Earth as Art: The Most Beautiful Landsat Satellite Images
A joint venture between NASA and the U.S. Geological Survey,
the Landsat program is the longest running enterprise for acquisition of
satellite imagery of Earth providing images of the planet for the last
40 years. The Landsat satellites make loops around the earth constantly
collecting images of the surface through the use of a variety of sensing
devices. Since the beginning of the Landsat program in 1972, the images
and data have been available to all countries around the world, and
used in a variety of research work such as measurement of rain forest
loss, determining urban growth, and population change.
Beyond
the scientific information they supply, some Landsat images are simply
striking to look at, presenting spectacular views of mountains, valleys,
and islands as well as forests, grasslands, and agricultural patterns.

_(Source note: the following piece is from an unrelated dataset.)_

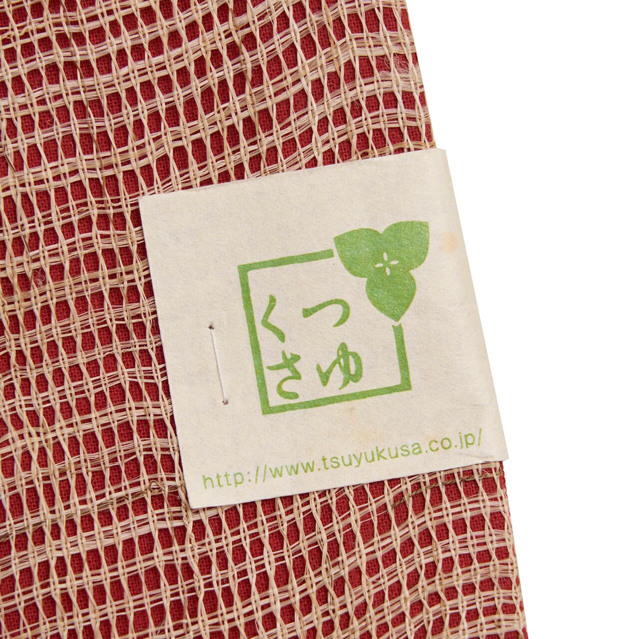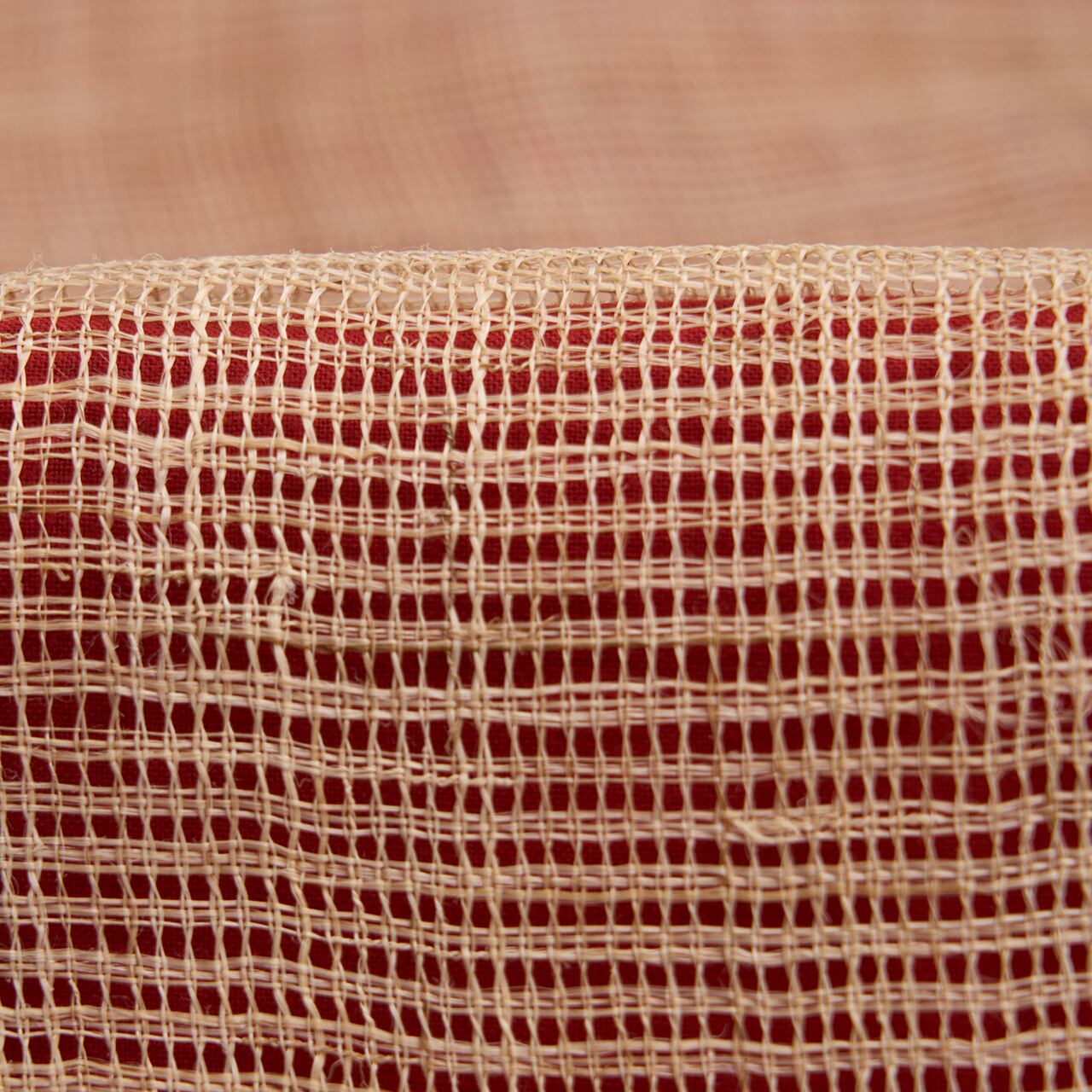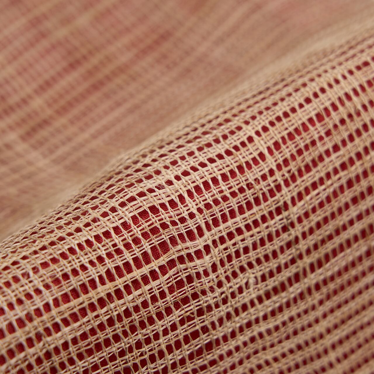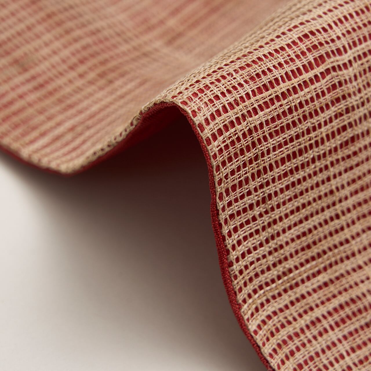 表の麻の糸で織られた面は、絽目のある透かし織になっていますので、裏面の蘇芳色が透けて見えてニュアンスのある色目となっています。

By selecting certain features and coloring them from a digital palate,
the U.S. Geological Survey has created a series of "Earth as Art"
perspectives that demonstrate an artistic resonance in satellite land
imagery and provide a special avenue of insight about the geography of
each scene.
1. In the style of Van Gogh's painting "Starry Night," massive congregations of greenish phytoplankton swirl in the dark water around Gotland, a Swedish island in the Baltic Sea. Population explosions, or blooms, of phytoplankton, like the one shown here, occur when deep currents bring nutrients up to sunlit surface waters, fueling the growth and reproduction of these tiny plants.
2.
Countless lakes, sloughs, and ponds are scattered throughout this scene
of the Yukon Delta in southwest Alaska. One of the largest river deltas
in the world, and protected as part of the Yukon Delta National
Wildlife Refuge, the river's sinuous waterways seem like blood vessels
branching out to enclose an organ.
3.
Small, blocky shapes of towns, fields, and pastures surround the
graceful swirls and whorls of the Mississippi River, the largest river
system in North America. Countless oxbow lakes and cutoffs accompany the
meandering river south of Memphis, Tennessee, on the border between
Arkansas and Mississippi.
4.
What look like pale yellow paint streaks slashing through a mosaic of
mottled colors are ridges of wind-blown sand that make up Erg Iguidi, an
area of ever-shifting sand dunes extending from Algeria into Mauritania
in northwestern Africa. Erg Iguidi is one of several Saharan ergs, or
sand seas, where individual dunes often surpass 500 meters (nearly a
third of a mile) in both width and height.
5.
The scary face in this image is actually inundated patches of shallow
Lake Eyre (pronounced "air") in the desert country of northern South
Australia. An ephemeral feature of this flat, parched landscape, Lake
Eyre is Australia's largest lake when it's full. However in the last 150
years, it has filled completely only three times.